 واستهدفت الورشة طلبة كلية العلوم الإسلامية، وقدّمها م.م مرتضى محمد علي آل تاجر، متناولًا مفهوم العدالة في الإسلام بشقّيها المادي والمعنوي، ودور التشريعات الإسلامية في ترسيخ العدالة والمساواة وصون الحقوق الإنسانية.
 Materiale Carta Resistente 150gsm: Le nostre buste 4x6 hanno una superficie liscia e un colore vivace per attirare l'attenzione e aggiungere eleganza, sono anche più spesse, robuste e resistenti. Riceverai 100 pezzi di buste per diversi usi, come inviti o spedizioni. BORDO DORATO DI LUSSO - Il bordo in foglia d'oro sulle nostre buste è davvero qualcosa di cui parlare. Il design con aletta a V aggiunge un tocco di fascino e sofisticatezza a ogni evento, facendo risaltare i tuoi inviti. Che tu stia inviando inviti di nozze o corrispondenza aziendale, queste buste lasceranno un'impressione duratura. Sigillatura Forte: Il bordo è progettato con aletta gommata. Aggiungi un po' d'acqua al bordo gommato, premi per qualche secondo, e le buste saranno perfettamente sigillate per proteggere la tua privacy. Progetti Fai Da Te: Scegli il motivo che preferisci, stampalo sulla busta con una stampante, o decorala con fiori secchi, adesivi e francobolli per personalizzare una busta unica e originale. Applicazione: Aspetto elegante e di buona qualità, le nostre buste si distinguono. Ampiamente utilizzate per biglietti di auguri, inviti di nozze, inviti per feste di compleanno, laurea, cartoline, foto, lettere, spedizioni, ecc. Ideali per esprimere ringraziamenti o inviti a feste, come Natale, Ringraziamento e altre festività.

******

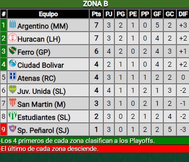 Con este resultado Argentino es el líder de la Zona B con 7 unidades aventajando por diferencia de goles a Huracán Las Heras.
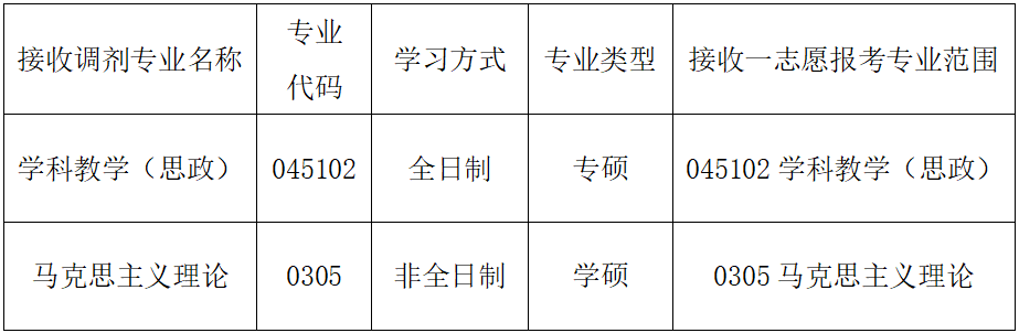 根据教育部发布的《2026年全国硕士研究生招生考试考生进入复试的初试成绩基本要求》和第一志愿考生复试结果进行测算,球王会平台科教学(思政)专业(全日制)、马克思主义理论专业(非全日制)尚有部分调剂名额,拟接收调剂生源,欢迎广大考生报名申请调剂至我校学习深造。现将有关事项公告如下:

******

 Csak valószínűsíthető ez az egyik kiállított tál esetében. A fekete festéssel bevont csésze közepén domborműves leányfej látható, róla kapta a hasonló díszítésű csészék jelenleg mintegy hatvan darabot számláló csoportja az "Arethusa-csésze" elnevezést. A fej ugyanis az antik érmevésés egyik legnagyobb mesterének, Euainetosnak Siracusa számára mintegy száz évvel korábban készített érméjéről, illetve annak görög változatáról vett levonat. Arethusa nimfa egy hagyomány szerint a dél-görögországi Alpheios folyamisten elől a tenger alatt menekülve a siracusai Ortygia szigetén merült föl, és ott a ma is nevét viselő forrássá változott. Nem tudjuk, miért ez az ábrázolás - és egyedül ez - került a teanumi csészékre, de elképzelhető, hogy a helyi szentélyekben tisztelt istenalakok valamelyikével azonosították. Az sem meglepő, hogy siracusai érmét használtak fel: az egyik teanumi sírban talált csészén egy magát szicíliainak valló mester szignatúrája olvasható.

******

Work task:
The lines to copy exactly start with the line above that has "Con este resultado" and go on through the line that has "根据教育部发布的《2026年"; please include both, add nothing else, and omit the pictures.

Response:
 Con este resultado Argentino es el líder de la Zona B con 7 unidades aventajando por diferencia de goles a Huracán Las Heras.
 根据教育部发布的《2026年全国硕士研究生招生考试考生进入复试的初试成绩基本要求》和第一志愿考生复试结果进行测算,球王会平台科教学(思政)专业(全日制)、马克思主义理论专业(非全日制)尚有部分调剂名额,拟接收调剂生源,欢迎广大考生报名申请调剂至我校学习深造。现将有关事项公告如下:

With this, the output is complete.